## INFORMATION PROVIDED
────────────────────

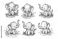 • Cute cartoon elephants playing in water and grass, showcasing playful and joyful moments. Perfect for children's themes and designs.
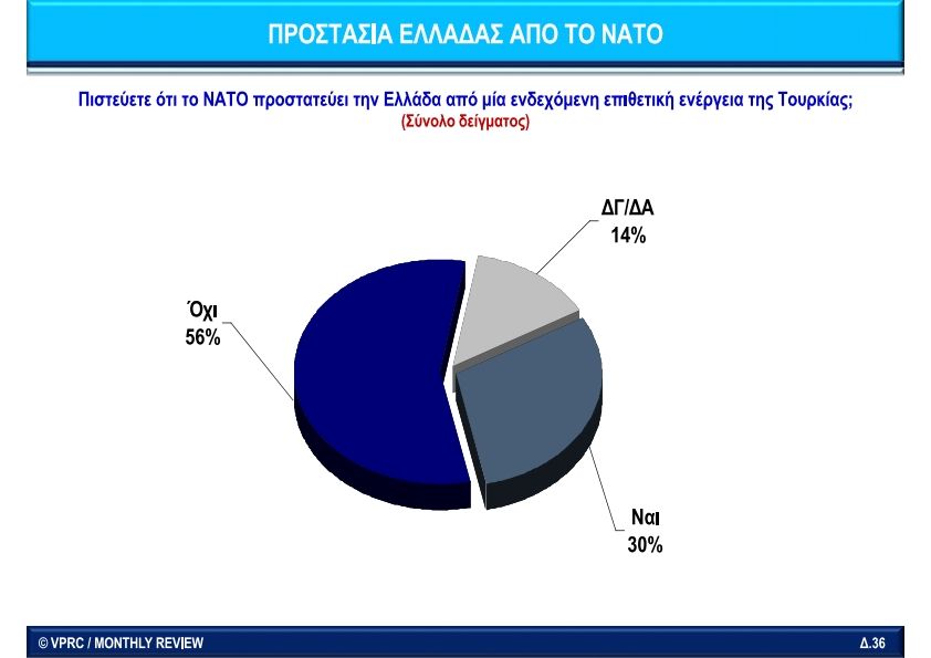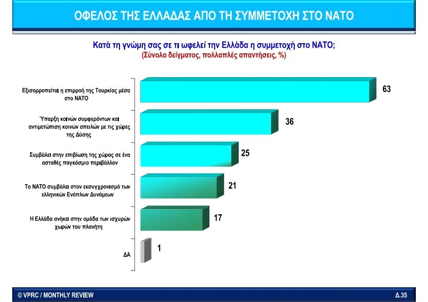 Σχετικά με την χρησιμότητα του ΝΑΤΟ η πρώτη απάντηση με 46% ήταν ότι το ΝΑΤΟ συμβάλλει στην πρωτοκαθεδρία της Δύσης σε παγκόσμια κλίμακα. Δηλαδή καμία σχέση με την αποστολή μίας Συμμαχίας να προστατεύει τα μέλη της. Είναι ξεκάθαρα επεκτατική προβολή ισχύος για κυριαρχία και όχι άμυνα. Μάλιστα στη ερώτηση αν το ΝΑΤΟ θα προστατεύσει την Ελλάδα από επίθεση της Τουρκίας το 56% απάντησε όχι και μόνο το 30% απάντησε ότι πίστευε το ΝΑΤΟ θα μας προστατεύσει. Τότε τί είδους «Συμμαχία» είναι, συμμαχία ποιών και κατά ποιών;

────────────────────

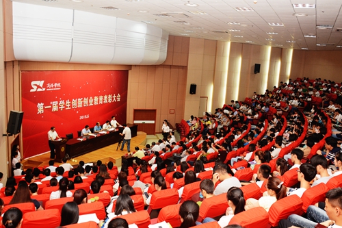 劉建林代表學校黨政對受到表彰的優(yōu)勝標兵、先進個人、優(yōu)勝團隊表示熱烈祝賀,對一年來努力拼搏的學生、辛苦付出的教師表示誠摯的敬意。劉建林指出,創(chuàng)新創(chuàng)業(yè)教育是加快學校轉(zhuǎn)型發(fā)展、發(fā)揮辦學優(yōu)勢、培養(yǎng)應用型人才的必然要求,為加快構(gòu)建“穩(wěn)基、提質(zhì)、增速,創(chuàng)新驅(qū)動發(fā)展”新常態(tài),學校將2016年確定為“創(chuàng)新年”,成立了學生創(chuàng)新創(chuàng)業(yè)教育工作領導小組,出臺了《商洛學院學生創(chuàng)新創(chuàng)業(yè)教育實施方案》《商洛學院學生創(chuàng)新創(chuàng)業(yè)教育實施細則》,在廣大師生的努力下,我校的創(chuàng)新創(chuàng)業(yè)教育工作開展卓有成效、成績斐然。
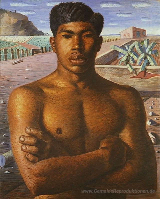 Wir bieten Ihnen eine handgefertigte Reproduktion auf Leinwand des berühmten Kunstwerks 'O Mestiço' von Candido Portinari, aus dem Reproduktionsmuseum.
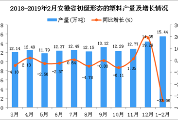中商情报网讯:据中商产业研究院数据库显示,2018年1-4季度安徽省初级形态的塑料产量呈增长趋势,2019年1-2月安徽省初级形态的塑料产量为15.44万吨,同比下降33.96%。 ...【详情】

────────────────────

## AIM OF THE TASK
Everything between and including the line above containing "Wir bieten Ihnen" and the line containing "中商情报网讯:据中商产业研究" should be reproduced exactly, with pictures excluded.

## EXERCISE OUTPUT
 Wir bieten Ihnen eine handgefertigte Reproduktion auf Leinwand des berühmten Kunstwerks 'O Mestiço' von Candido Portinari, aus dem Reproduktionsmuseum.
中商情报网讯:据中商产业研究院数据库显示,2018年1-4季度安徽省初级形态的塑料产量呈增长趋势,2019年1-2月安徽省初级形态的塑料产量为15.44万吨,同比下降33.96%。 ...【详情】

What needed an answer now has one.